In the first case of its kind, U.S. District Judge Richard J. Leon said the government's evidence linking the five Algerians to al-Qaida was not credible as it came from a single, unidentified source. Therefore, he said, the five could not be held indefinitely as enemy combatants, and should be released immediately.
"To allow enemy combatancy to rest on so thin a reed would be inconsistent with this court's obligation," Leon told the crowded courtroom.
As a result, he said, "the court must and will grant their petitions and order their release."
As for the sixth Algerian, Belkacem Bensayah, Leon said there was enough reason to believe he was close to an al-Qaida operative and had sought to help others travel to Afghanistan to join the terrorists' fight against the United States and its allies.
Leon also urged senior Justice Department leaders and high-level officials at other government agencies involved in the case not to appeal his ruling. The Justice Department said later Thursday it had not decided whether it would.
Leon said the five Algerians already have been improperly held for seven years and deserve to go home. He said an appeal could delay their release for up to another two years.
"This is a unique case," Leon said, trying to assuage any Justice Department fears that hundreds of other detainees also could be released based on his ruling. "Few if any others will be factually like it. Nobody should be lulled into a false sense that all of the ... cases will look like this one."
One of the men to be released is Lakhdar Boumediene, whose landmark Supreme Court case last summer gave the Guantanamo detainees the right to challenge their imprisonment.
The Algerians' attorneys said they would appeal Bensayah's detention but hugged each other and colleagues in congratulations after Leon's ruling.
"It's a relief," said attorney Robert C. Kirsch.
The Bosnian government already has agreed to take back the detainees, all of whom immigrated there from Algeria before they were captured in 2001.
Justice spokesman Peter Carr said the department is pleased Bensayah will remain at Guantanamo but "we are of course disappointed by, and disagree with, the court's decision that we did not carry our burden of proof with respect to the other detainees."
Leon was appointed by President George W. Bush and has been sympathetic to the argument that the president has broad authority during wartime. In 2005, Leon ruled that this same group of detainees had no right to challenge their detention in civilian courts.
Thursday's ruling is the first since the Supreme Court cleared the way last June for civilian courts to hear challenges by terror suspects being held indefinitely without charges.
It largely hinged on Leon's definition of an enemy combatant, which he said included al-Qaida or Taliban supporters who directly assisted in hostile acts against the U.S. or its allies.

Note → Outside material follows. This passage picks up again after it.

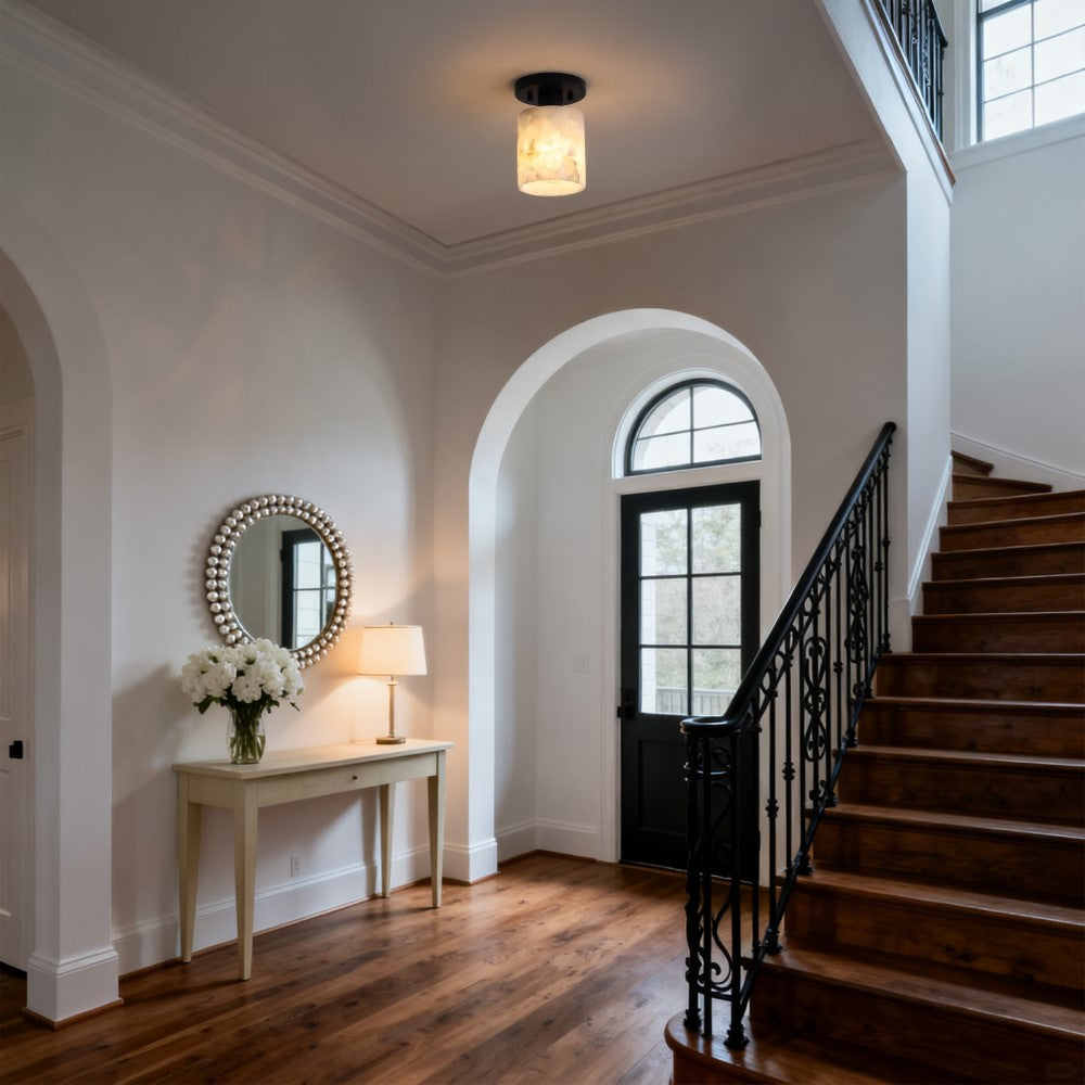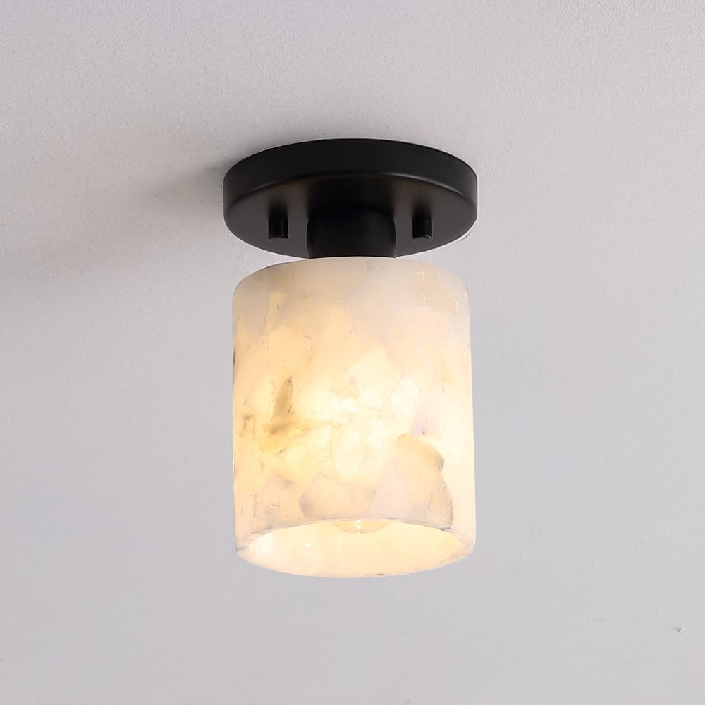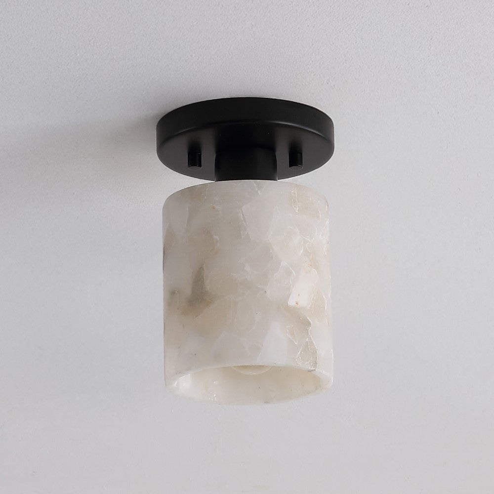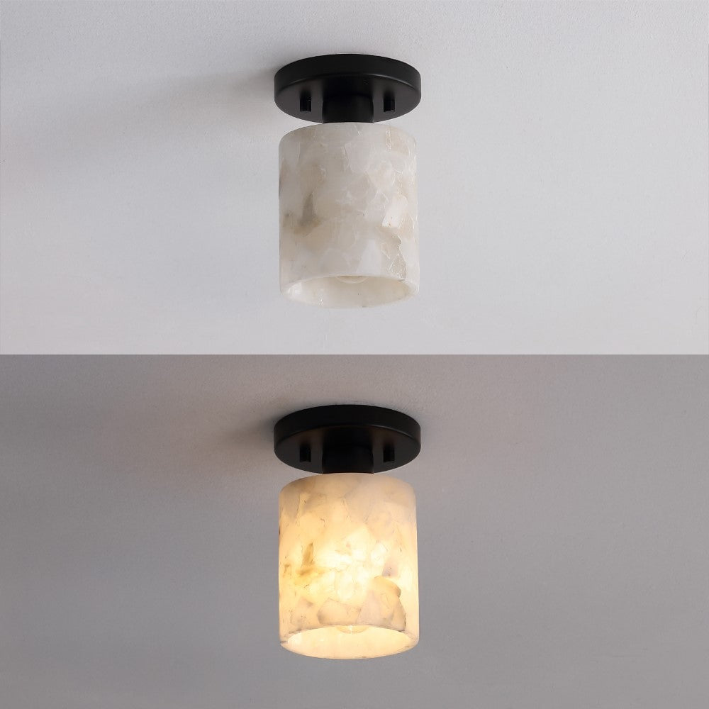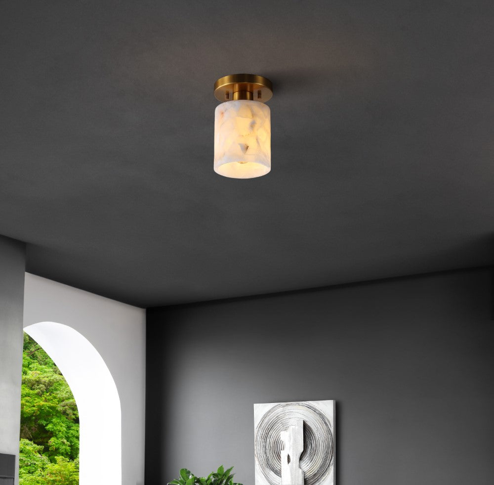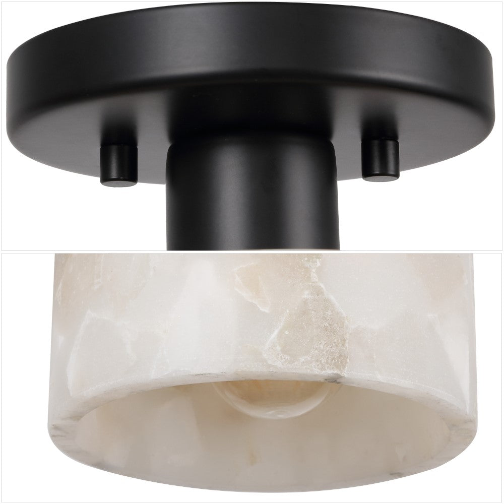 Our modern semi-flush light fixture combines elegant finishes with a minimalist design. The alabaster cylinder shade surrounds a single warm LED bulb; the base is a matching circle. This chic ceiling light adds a contemporary touch to the hallway, bedroom, bathroom, or even a closet.

Much of the evidence against the Algerians is classified and could not be discussed during the two open court hearings in the seven-day trial — or even with the detainees themselves. The detainees listened to Thursday's ruling through a translated telephone conference call, but could not be heard during the nearly one-hour hearing.
The government initially detained Boumediene and the other Algerians on suspicion of plotting to bomb the U.S. Embassy in Sarajevo in October 2001. They were transferred to Guantanamo in January 2002.
The Justice Department last month backed off the embassy bombing accusations, but said the six men were caught and detained before they could join terrorists' global jihad. The Justice Department said it needed to be proactive against threats, especially in the months after the Sept. 11, 2001 attacks on New York and Washington.
The detainee's lawyers denied the men ever planned to join the battlefield. Even if they had, the lawyers argued, they did not fit Leon's definition of an enemy combatant because they never joined the terrorist fighters.
The cases of more than 200 additional Guantanamo detainees are still pending, many in front of other judges in Washington's federal courthouse.